> **The problem**:
Identify the line with "Department of Lands"; copy word for word that line and every one after it, to the end of the listing. Exclude pictures.

*** Opening of Data block ***

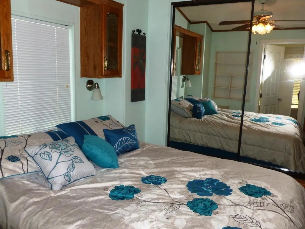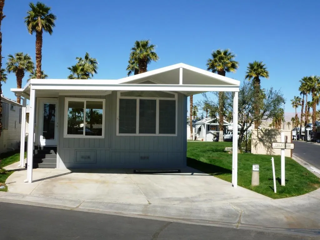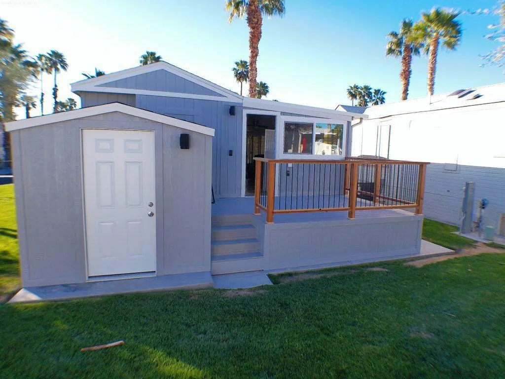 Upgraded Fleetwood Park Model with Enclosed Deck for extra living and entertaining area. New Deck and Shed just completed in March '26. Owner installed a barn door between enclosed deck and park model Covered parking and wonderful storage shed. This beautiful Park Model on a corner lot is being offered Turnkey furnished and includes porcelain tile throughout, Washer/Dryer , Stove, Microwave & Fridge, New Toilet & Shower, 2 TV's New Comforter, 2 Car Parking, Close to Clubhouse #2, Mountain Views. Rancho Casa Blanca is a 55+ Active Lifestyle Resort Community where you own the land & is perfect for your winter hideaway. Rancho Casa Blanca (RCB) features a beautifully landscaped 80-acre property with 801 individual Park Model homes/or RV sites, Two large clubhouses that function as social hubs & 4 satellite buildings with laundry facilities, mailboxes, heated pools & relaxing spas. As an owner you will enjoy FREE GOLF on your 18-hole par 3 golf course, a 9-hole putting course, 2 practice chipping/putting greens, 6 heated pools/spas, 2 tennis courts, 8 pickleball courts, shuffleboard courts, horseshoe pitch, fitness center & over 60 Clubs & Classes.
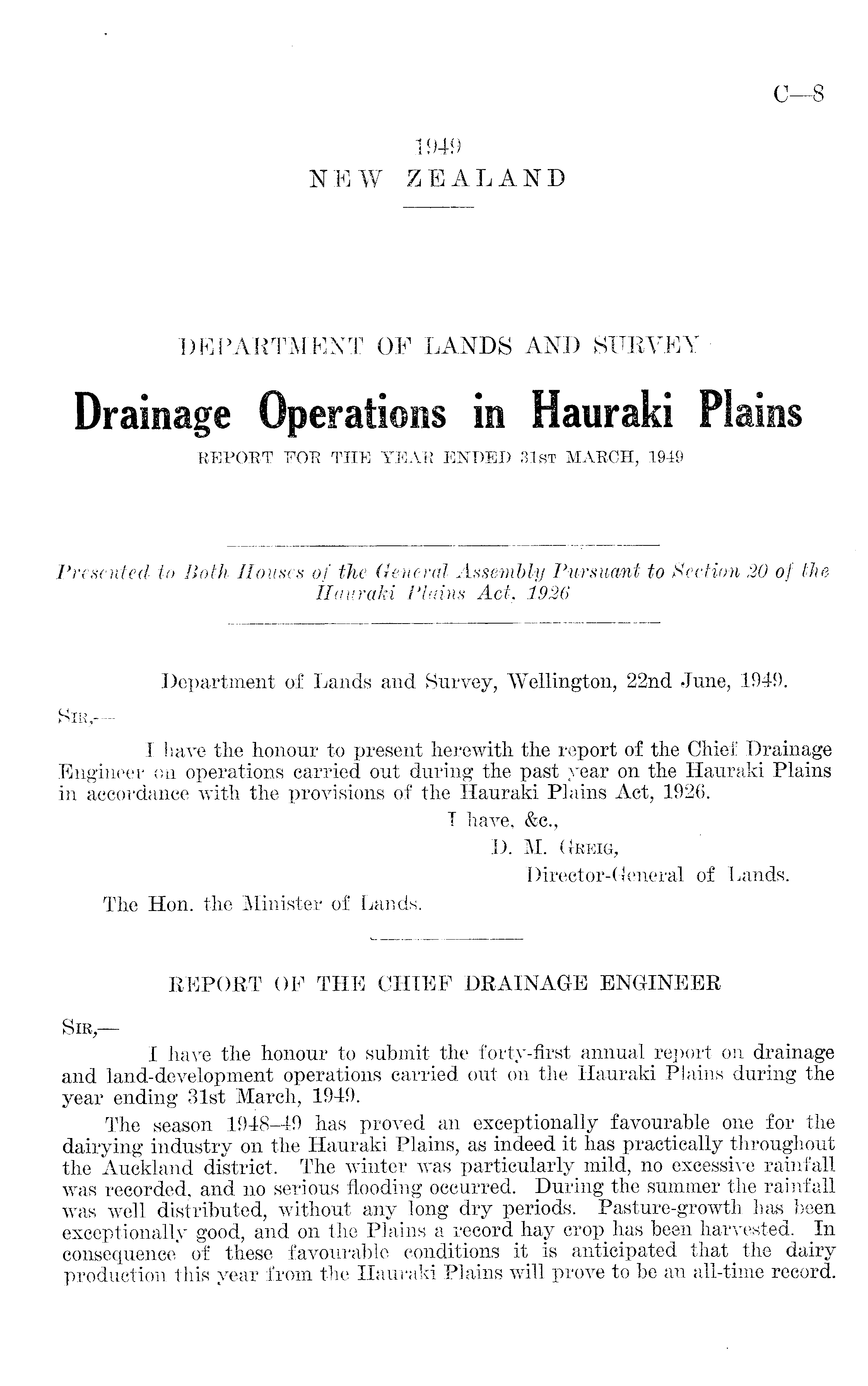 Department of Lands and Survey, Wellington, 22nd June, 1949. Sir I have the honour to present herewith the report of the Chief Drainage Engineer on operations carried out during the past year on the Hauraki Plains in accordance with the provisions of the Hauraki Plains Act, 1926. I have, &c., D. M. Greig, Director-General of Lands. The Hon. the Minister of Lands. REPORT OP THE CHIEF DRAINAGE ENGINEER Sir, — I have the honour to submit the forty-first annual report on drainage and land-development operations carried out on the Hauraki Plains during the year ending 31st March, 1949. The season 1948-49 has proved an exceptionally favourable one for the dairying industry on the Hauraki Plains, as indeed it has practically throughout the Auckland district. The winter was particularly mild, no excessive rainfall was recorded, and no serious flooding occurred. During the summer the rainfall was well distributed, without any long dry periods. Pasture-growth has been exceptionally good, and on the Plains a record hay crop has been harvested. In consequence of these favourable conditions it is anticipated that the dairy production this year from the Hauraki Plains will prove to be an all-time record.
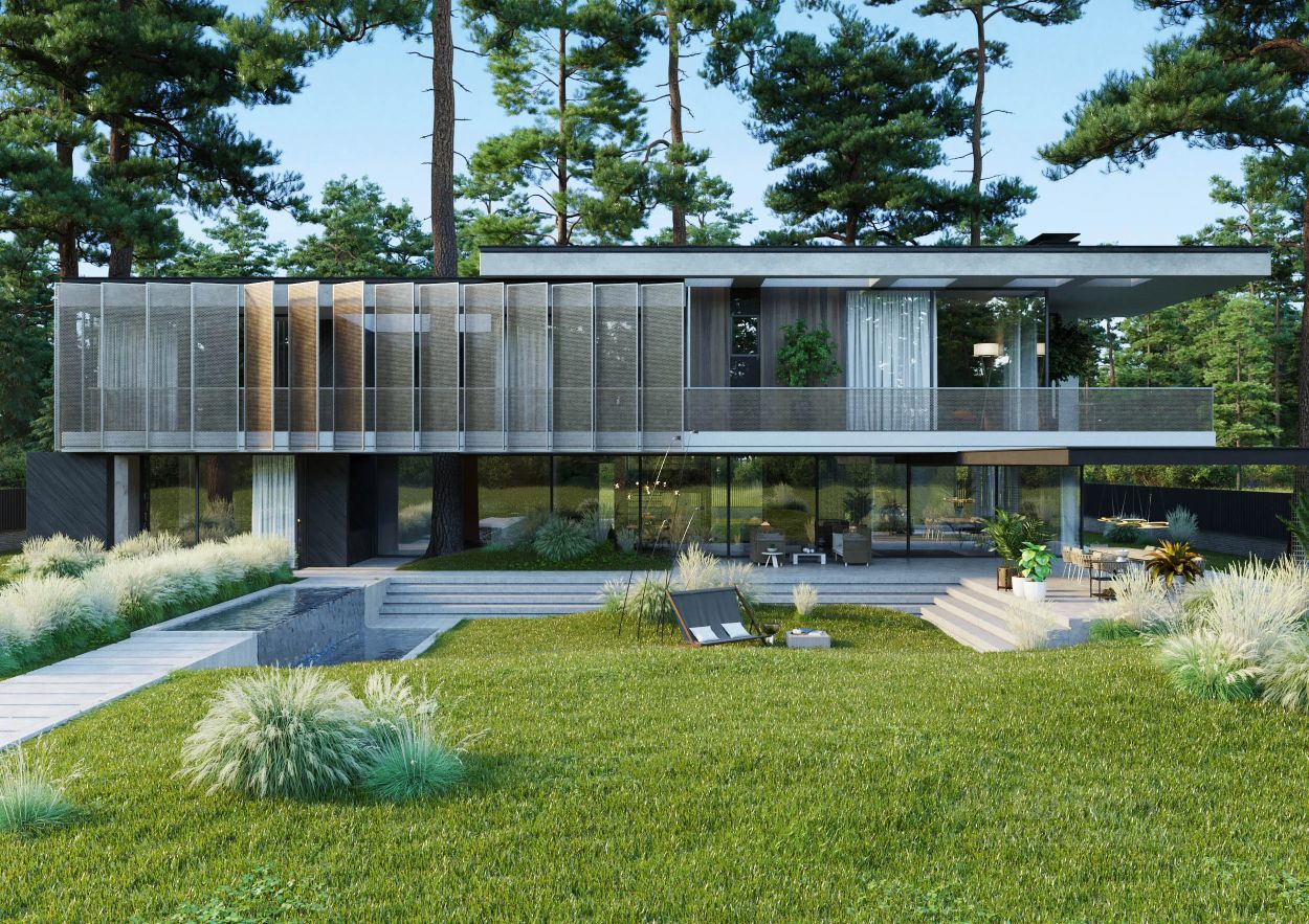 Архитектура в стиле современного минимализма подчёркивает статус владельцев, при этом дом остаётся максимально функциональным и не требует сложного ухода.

*** Close of Data block ***

> **Worked solution**:
 Department of Lands and Survey, Wellington, 22nd June, 1949. Sir I have the honour to present herewith the report of the Chief Drainage Engineer on operations carried out during the past year on the Hauraki Plains in accordance with the provisions of the Hauraki Plains Act, 1926. I have, &c., D. M. Greig, Director-General of Lands. The Hon. the Minister of Lands. REPORT OP THE CHIEF DRAINAGE ENGINEER Sir, — I have the honour to submit the forty-first annual report on drainage and land-development operations carried out on the Hauraki Plains during the year ending 31st March, 1949. The season 1948-49 has proved an exceptionally favourable one for the dairying industry on the Hauraki Plains, as indeed it has practically throughout the Auckland district. The winter was particularly mild, no excessive rainfall was recorded, and no serious flooding occurred. During the summer the rainfall was well distributed, without any long dry periods. Pasture-growth has been exceptionally good, and on the Plains a record hay crop has been harvested. In consequence of these favourable conditions it is anticipated that the dairy production this year from the Hauraki Plains will prove to be an all-time record.
 Архитектура в стиле современного минимализма подчёркивает статус владельцев, при этом дом остаётся максимально функциональным и не требует сложного ухода.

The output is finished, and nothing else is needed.